Obviously, the creative writing spark had been extinguished for the day. Summarily spit upon. I drove back to the place where I am house-sitting and called Mom. No roaming charges. They taught me to be telephonically responsible.

I was way off. Good thing, too. All the relatives were still alive (as far as we knew) and there didn’t seem to be any glitches to my flight plans. My writing may not have garnered raves, but it hadn’t led to a transportation ban.

So why the call? Why the mention of Homeland Security? Thirty-two months ago, I got my parents as American citizens to petition to sponsor me for a visa to move back to the U.S. It’s been a frustrating process. Not really a process because nothing had been processed. The Immigration Department’s website stated its goal of working through petitions within five months; however, the estimated wait time kept increasing—last I checked it was forty-seven months! (With that kind of gap, I think they should delete the goal from the site. Why accentuate poor performance?) Needless to say, I’d stopped obsessing over my chances of moving back. I’d stopped griping about the concrete, miles-high barrier that stopped a person who’d lived sixteen years in the U.S., gone to high school there, obtained two degrees there and been admitted to the California Bar from re-entry. Out of my control. Just like the entire TV setup at the place where I’m staying. Forget about it. Learn to live without.

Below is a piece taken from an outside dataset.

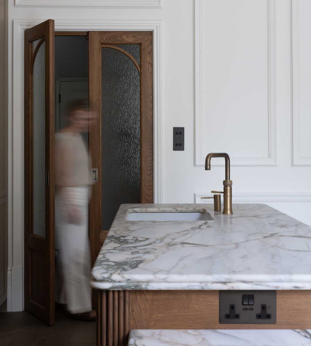‘The island top is made from something called Arabescato Rosa, which is sourced from Italy. I really like the veining and the mix of natural colours. People can be scared of using natural materials, but I think the ageing process adds to the story.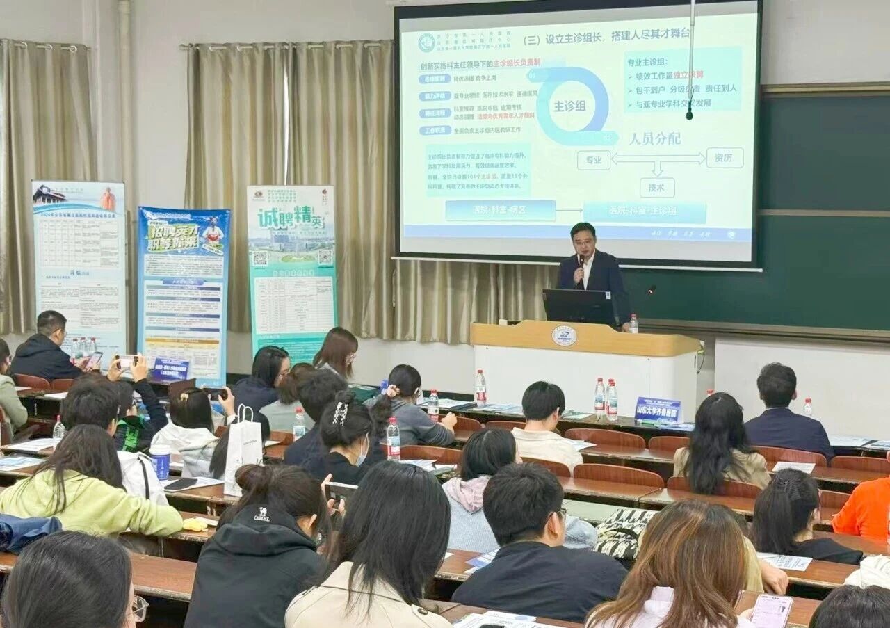 在专场宣讲会上,钟海涛以“百年一院”的辉煌历史与高质量发展成效为引,全面展示了医院在学科建设、科研平台及人才成长生态上的核心优势,并就医院倾力打造的支持人才发展的“十项措施”等政策进行了精准解读,字里行间满载着医院求贤若渴、珍视人才的拳拳诚意,深深打动在场学子。

“They’ve approved the petition,” my mother said. And then she went ahead and read the entire letter. All I heard was “approved” followed by “blah, blah, blah.” I got the part that mattered.

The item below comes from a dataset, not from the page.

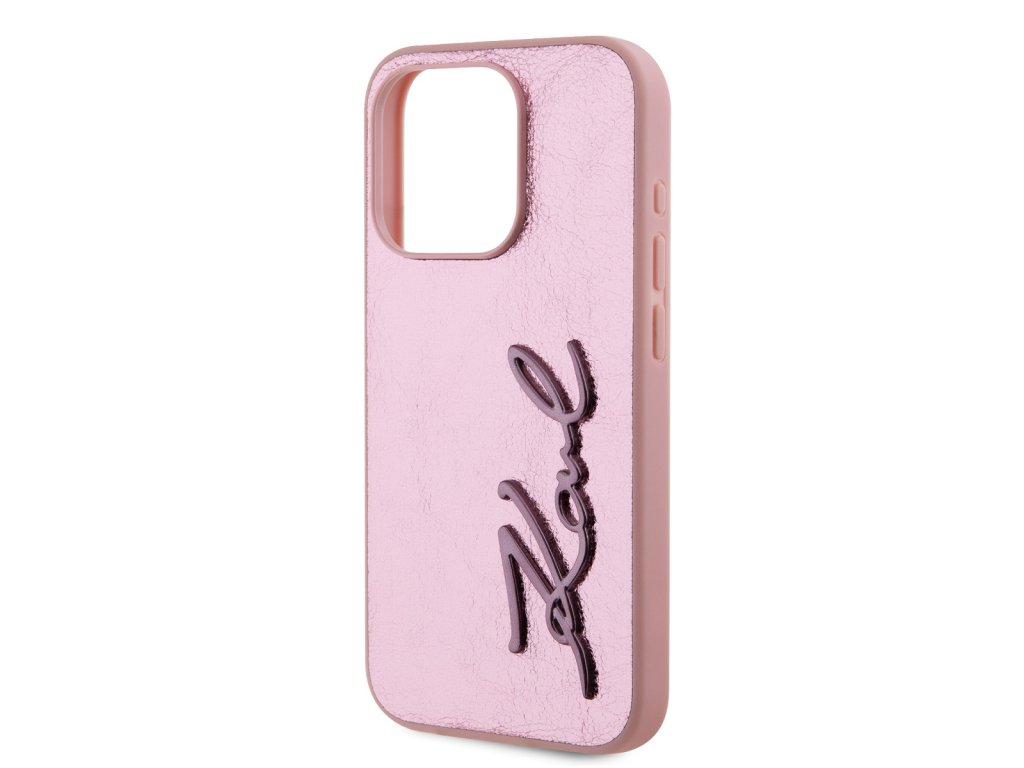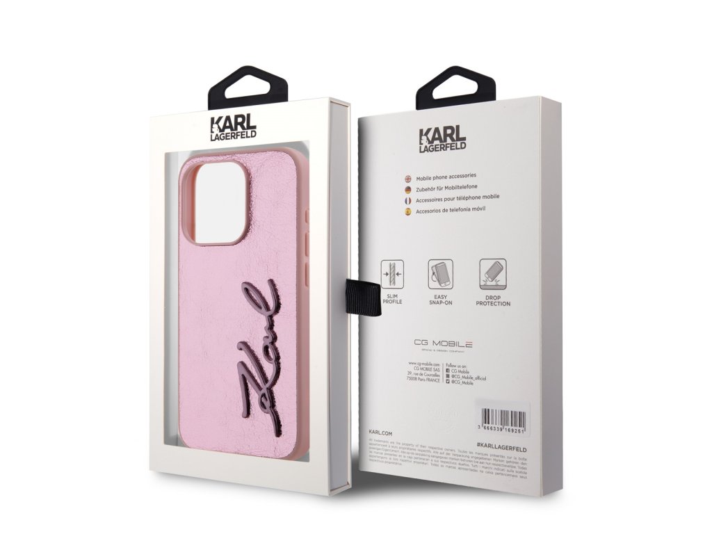 Karl Lagerfeld Wrinkled PU Signature Logo Zadní Kryt pro iPhone 15 Pro Pink

And so it begins. There is no guarantee of what is to come, but the visa process shall finally begin…within thirty days. Yes, a real process! I realize that the whole thing will take longer than I would care to speculate—let’s just go with a year or two—but I may have options about relocating. Not just dreamy, rueful notions but real options!

Return to Los Angeles?

As Tim said on the phone last night, “Sounds like you’ve got a special connection with the city.”

Yes, Tim. The guy I just started dating only weeks before my extended summer stay in L.A. The guy with whom I’d like a “special connection”. And, yes, that complicates everything.

But it’s still early. Lots can and will evolve in the months to come…regarding my visa status and regarding my dating status. A few months ago, I felt I had no options. In anything. I had no control. Nothing ahead of me. How strange to think I may have things to look forward to. There may be a conflict to come, but it is a luxury to have to a choice to make.

Let’s see how it all unfolds.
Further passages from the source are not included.